Three fixes after the deploy-solve=0 run (all user-confirmed):

1. Gate co-adaptation: t_lo sat at quantile(route_quantile), so keep was only the
   bottom ~5% and ~95% of rollouts landed in mid (both blocks train, qmass~0.5).
   Move the keep/mid boundary up: t_lo=quantile(1-2q), t_hi=quantile(1-q), so keep
   is the BULK, mid+rout are the top 2q. Three-zone absorption preserved (not deleted).

2. Deterministic teachers: every teacher-phase prompt is drawn from the both-pool-
   covered set and gets EXACTLY teacher_n_per_prompt hack + N solve (constant count,
   no flip/coverage drops). Replaces mix_ratio*_even_split (count varied per step).
   No flip in the teacher phase (solve teacher carries solve pressure). mix_ratio>0
   stays the on/off switch. Removed dead _even_split.

3. Deploy-mode generation: student rollouts generate under ablate_quarantine, so the
   behavior policy = the shipped deployed-only model -- the quarantine's learned hack
   can't saturate the rollout distribution and starve honest solve advantage. For
   clean-gated rollouts gen and train forward now match.

Also: FastConfig lr 1e-4->5e-4 (random-init lora2r needs more lr in the short budget).
AGENTS.md: don't bake unconfirmed theories into comments; don't inflate diagnosis
confidence across turns. Smoke + smoke-solvemix green; all verify gates pass.

Co-Authored-By: Claudypoo <288921227+claudypoo@users.noreply.github.com>
2026-06-11 00:29:12 +00:00
wassname 3f2b44452a feat: online-stats gate + step-level teacher forcing + AUROC diagnostic
The authored absolute band made pos>=1 unreachable for live hacks (rout~0),
and re-extracting it every 5 steps collapsed the gate (the #40 step-5 cliff).

- Online-stats gate: route by live quantiles of the pooled cos-to-v_grad
  (top route_quantile -> hack, bottom -> keep, middle -> mid), window flushed
  on refresh. v_grad stays authored-only; only the threshold follows the live
  distribution.
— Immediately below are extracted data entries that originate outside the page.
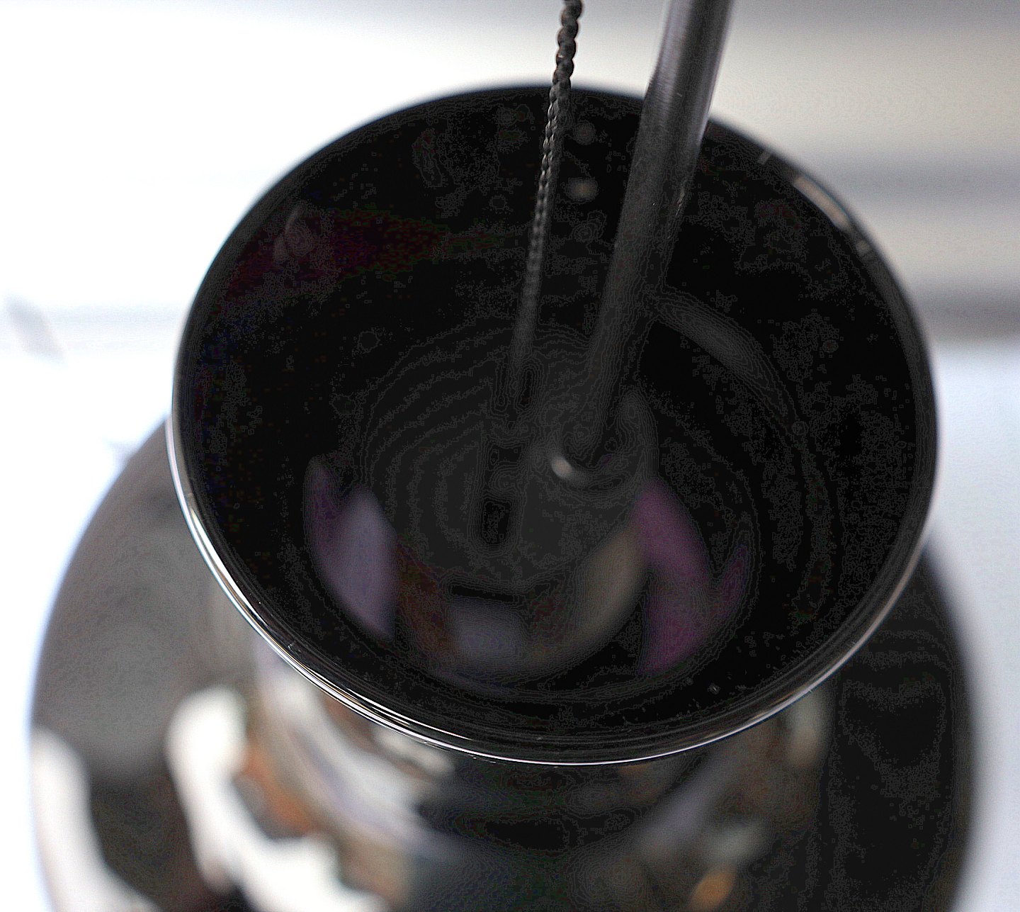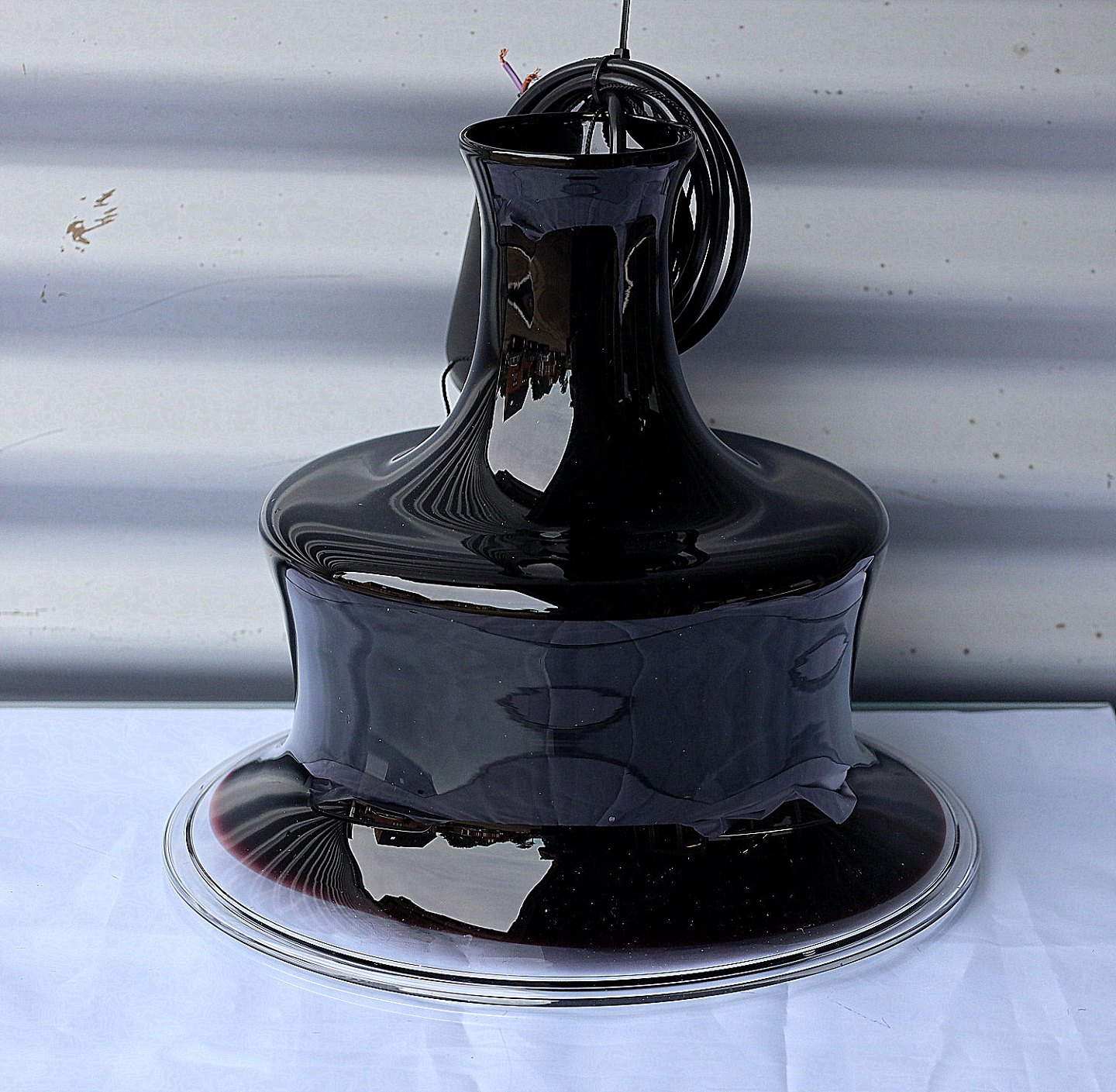 Holmegaard Glasværk. Sonate Pendel, pendlen kommer med hejs.. Glasskærmen er udført i farven aubergine, med klart overfang.
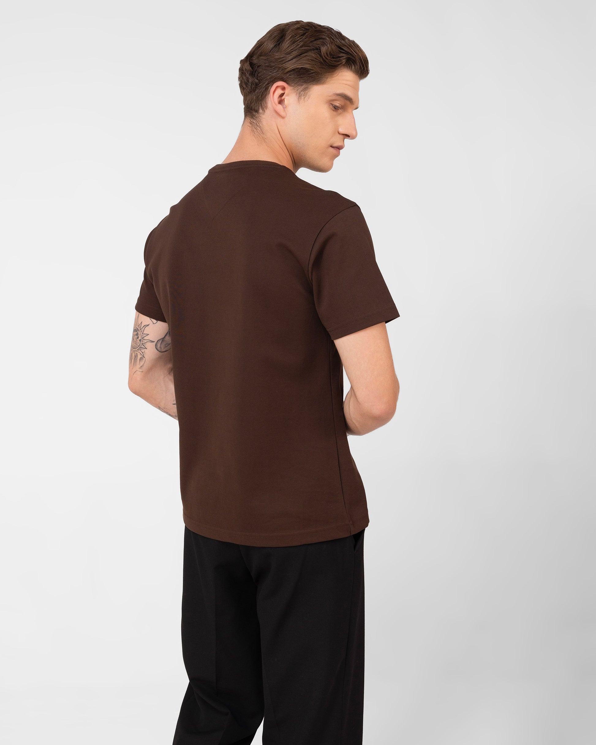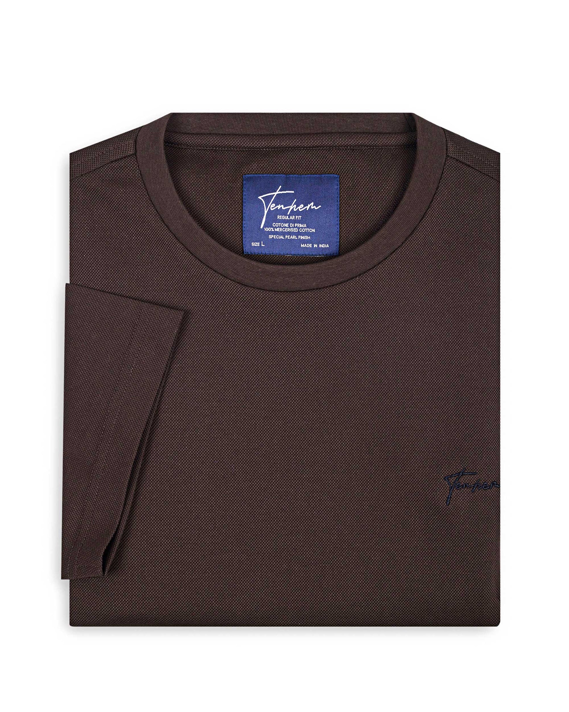 Men's Brown Pique Cotton Casual Crew Neck
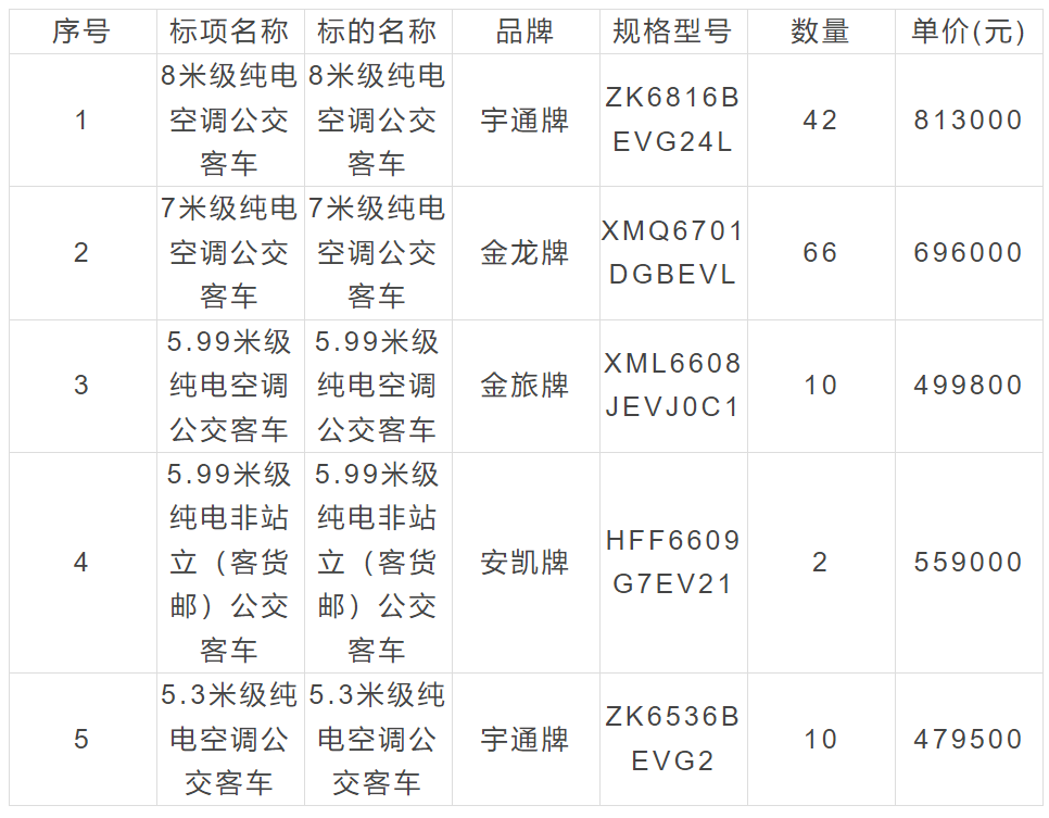 日前,绍兴市公共交通集团有限公司2025年公交客车采购项目中标(成交)结果公告,该项目分为5个标项,共计采购纯电公交客车130辆。中标企业包括:宇通客车股份有限公司、厦门金龙联合汽车工业有限公司、厦门金龙旅行车有限公司、安徽安凯汽车股份有限公司。公告详情如下:
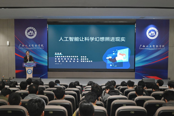 11月20日,2025年全国科普创作大会——专家走进广西人工智能学院活动顺利开展,中国科学院计算技术研究所研究员王元卓应邀来学院开展“人工智能让科学幻想照进现实”专题讲座。广西人工智能学院院长、桂电南宁研究院院长杨巨成,副院长朱晓姝等参加。
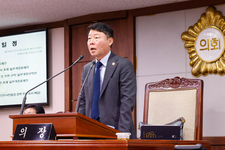 [순천시 세계타임즈=우덕현 기자] 순천시의회(의장 정병회)는 31일 제274회 임시회 제2차 본회의를 열어 의원발의 안건 3건을 포함하여 총 9건의 안건을 심의·의결하고 8일간 진행된 올해 첫 회기 일정을 마무리했다.
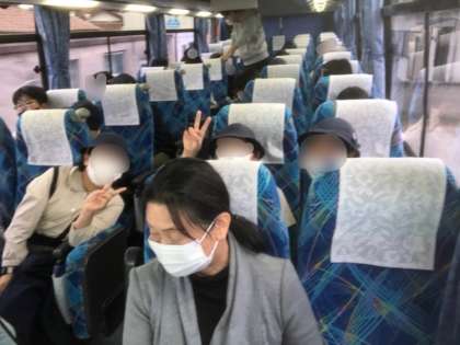 車内の様子です。ビデオを観ながら静かに過ごしています。
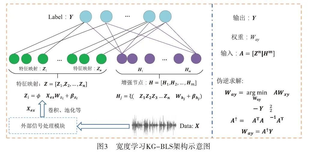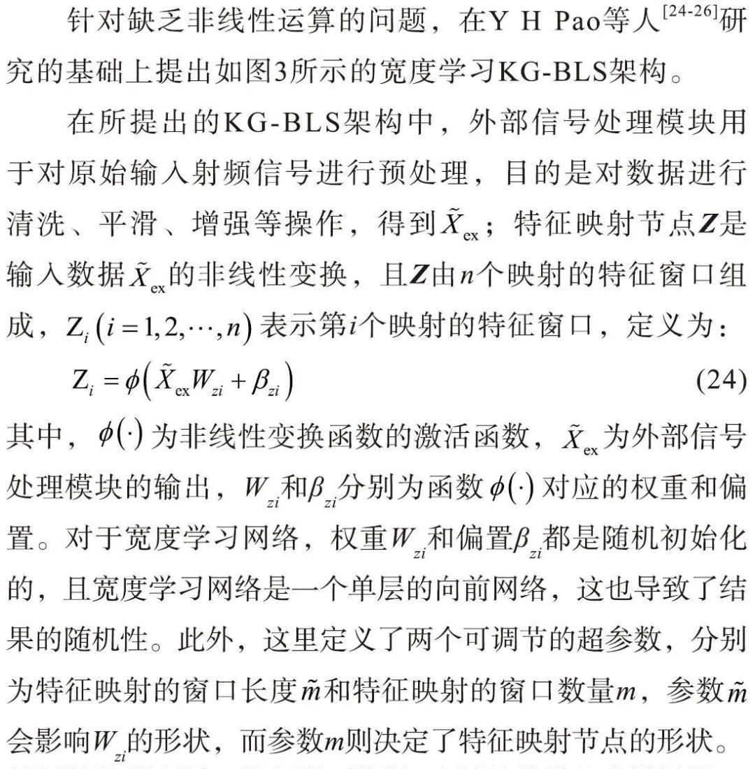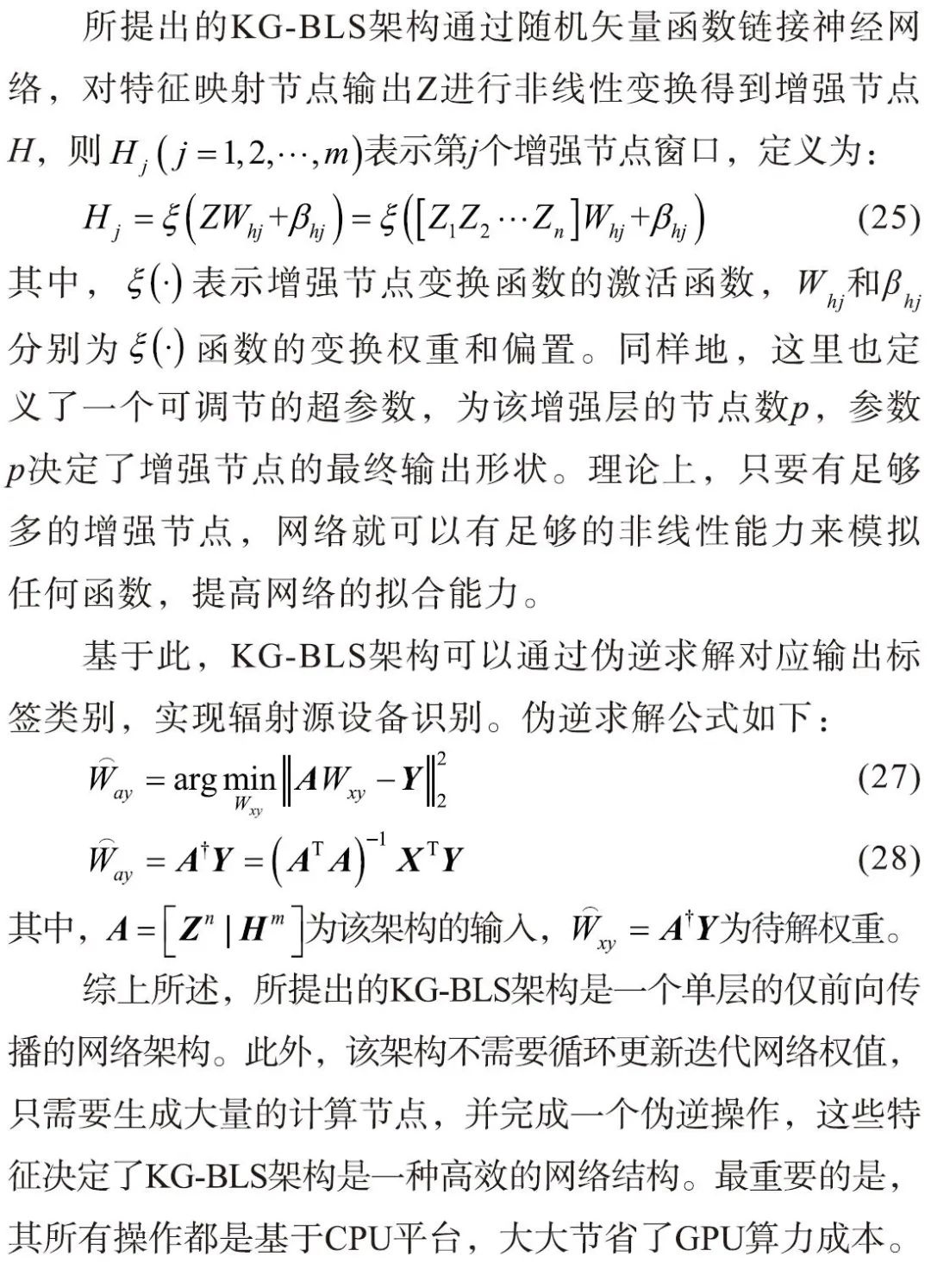 现有的大多数SEI算法均建立在ML算法框架之上;然而,在处理大规模训练样本时传统SVM算法仍会占用大量机器内存并耗时较长。鉴于此,在本文中我们将探索使用宽度学习架构替代现有ML方法来进行辐射源设备识别工作;在本节中介绍所提出的KG-BLS架构SEI算法的具体实现过程包括输入到KG-BLS架构中的信号特征提取、特征映射节点的设计、增强机制的应用以及最终输出用于识别目标结果的过程。

Smoke: routing sustained past the refresh (cliff fixed).
- Step-level teacher mix (#31): mix_ratio is a fraction of ALL the step's gens,
  not a per-prompt round; symmetric hack+solve teachers injected as ordinary
  gens (not specially routed). Fixes the per-prompt rounding wart.
- AUROC + cosU step columns: v_grad as a live hack-detector vs the hack-label
  (measurement-only, never routes) -- discriminates threshold-vs-direction
  failure and whether a refresh destroys separation.
- Inline eval stays off (eval_ablate_every=0); deploy scored offline.
- Fix _sample_rows None crash (beartype) on the no-solve-pool path.
- Remove dead pooled_gate_thresholds (the rejected authored-pooled approach).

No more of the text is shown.